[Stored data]
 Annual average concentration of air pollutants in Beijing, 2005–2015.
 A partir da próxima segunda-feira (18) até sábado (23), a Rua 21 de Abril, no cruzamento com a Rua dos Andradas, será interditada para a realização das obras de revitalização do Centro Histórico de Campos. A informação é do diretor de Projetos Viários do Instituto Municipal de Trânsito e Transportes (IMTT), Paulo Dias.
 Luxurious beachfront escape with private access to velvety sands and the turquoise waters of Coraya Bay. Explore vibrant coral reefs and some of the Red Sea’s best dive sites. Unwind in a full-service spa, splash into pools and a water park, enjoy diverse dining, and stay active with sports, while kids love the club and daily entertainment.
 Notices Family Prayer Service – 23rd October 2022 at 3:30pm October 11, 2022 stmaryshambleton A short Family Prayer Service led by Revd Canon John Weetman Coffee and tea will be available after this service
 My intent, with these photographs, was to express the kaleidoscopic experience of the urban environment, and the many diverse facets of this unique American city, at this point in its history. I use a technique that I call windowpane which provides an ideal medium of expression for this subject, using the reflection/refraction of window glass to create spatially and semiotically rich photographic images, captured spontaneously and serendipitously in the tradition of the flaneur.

==

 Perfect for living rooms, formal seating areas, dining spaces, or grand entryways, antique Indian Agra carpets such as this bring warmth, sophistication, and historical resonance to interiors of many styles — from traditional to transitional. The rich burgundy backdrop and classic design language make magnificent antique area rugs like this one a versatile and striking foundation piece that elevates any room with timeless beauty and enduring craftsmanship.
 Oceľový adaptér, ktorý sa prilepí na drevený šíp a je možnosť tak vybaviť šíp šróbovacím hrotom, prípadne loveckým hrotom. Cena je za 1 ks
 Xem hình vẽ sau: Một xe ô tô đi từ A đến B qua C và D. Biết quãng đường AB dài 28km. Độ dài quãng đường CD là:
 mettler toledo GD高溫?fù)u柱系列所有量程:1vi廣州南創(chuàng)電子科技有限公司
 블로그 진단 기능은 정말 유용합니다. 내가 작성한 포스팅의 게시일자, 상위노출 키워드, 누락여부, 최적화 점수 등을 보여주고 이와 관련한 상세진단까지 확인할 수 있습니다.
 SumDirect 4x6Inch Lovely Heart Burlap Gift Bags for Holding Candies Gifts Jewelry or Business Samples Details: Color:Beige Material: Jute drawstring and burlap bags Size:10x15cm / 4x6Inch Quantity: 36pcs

— PROBLEM REQUIREMENTS —
Reproduce only the lines above, starting at the line with "A partir da" and ending at the line with "Luxurious beachfront escape", exactly as written.

— SOLUTION TO THIS TASK —
 A partir da próxima segunda-feira (18) até sábado (23), a Rua 21 de Abril, no cruzamento com a Rua dos Andradas, será interditada para a realização das obras de revitalização do Centro Histórico de Campos. A informação é do diretor de Projetos Viários do Instituto Municipal de Trânsito e Transportes (IMTT), Paulo Dias.
 Luxurious beachfront escape with private access to velvety sands and the turquoise waters of Coraya Bay. Explore vibrant coral reefs and some of the Red Sea’s best dive sites. Unwind in a full-service spa, splash into pools and a water park, enjoy diverse dining, and stay active with sports, while kids love the club and daily entertainment.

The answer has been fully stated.